README.md

sigmabus-poc

Proof of concept implementation of Sigmabus https://eprint.iacr.org/2023/1406, a cool idea by George Kadianakis and Mary Maller and Andrija Novakovic.

Experimental code, do not use in production.

This PoC implements Sigmabus to prove & verify that $X=x\cdot G\in \mathbb{G}$ for a public input $X\in \mathbb{G}$ and a private input $x\in {\mathbb{F}}_r$ ($\mathbb{G}$'s ScalarField), while the circuit is defined on ${\mathbb{F}}_r$ (note that $\mathbb{G}$ coordinates are on ${\mathbb{F}}_q$ ($\mathbb{G}$'s BaseField)).

Proving $X=x\cdot G$ with a 'traditional' approach in a zkSNARK circuit, would require non-native arithmetic for computing the scalar multiplication $x\cdot G\in \mathbb{G}$ over ${\mathbb{F}}_r$, which would take lot of constraints. The number of constraints in the circuit for this Sigmabus instantiation mainly depends on the constraints needed for 2 Poseidon hashes.

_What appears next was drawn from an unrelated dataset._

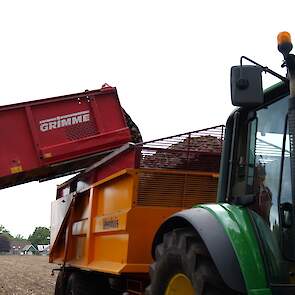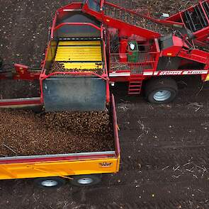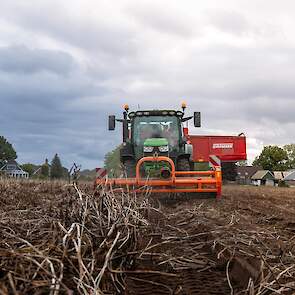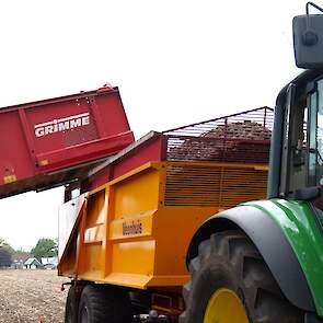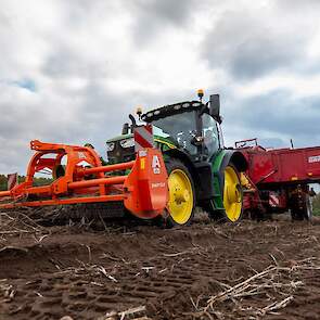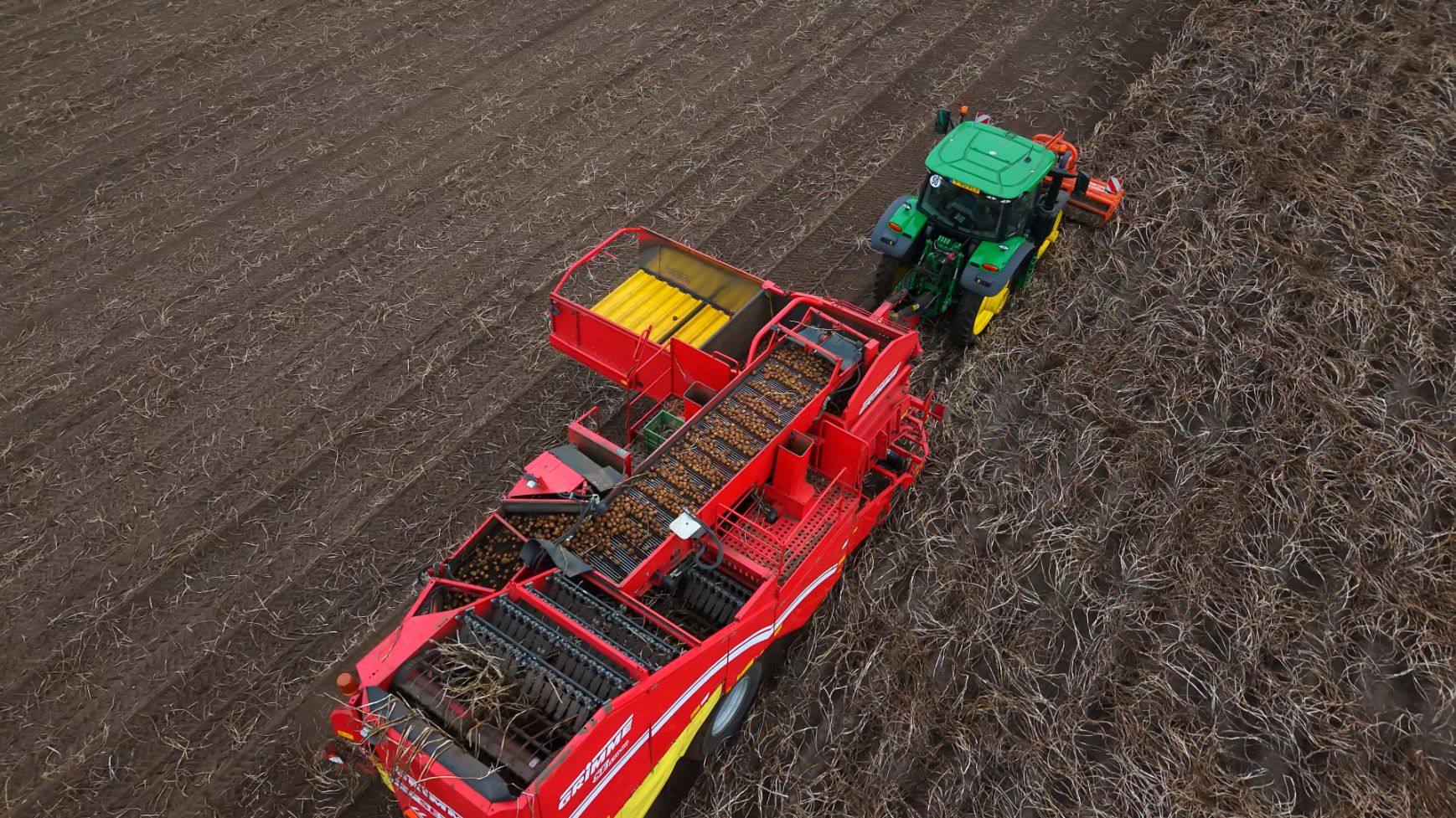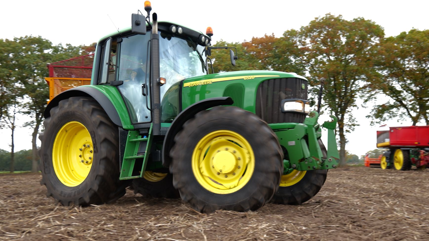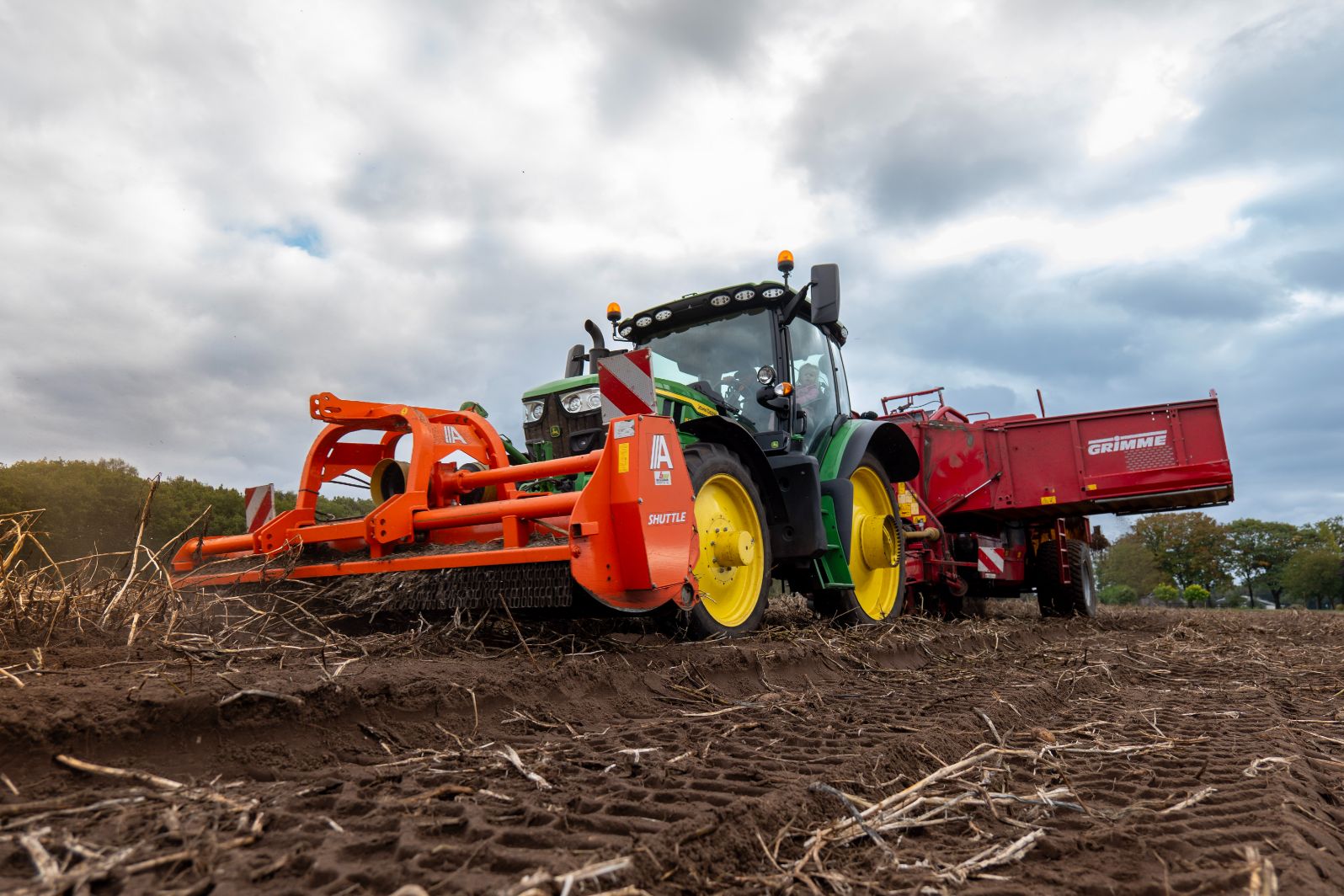 Video: John Deere met Shuttle Agrimaster in de fronthef en Grimme SE 150-60-rooimachine

Let $\mathbb{G}$ be BN254's $G1$, an example of usage would be:

// generate the trusted setup
let params = Sigmabus::<Bn254>::setup(&mut rng, &poseidon_config);

// compute X = x * G
let x = Fr::rand(&mut rng);
let X = G1Projective::generator().mul(x);

// generate Sigmabus proof for X==x*G
let mut transcript_p = PoseidonTranscript::<G1Projective>::new(&poseidon_config);
let proof = Sigmabus::<Bn254>::prove(&mut rng, &params, &mut transcript_p, x);

// verify Sigmabus proof for X==x*G
let mut transcript_v = PoseidonTranscript::<G1Projective>::new(&poseidon_config);
Sigmabus::<Bn254>::verify(&params, &mut transcript_v, proof, X).unwrap();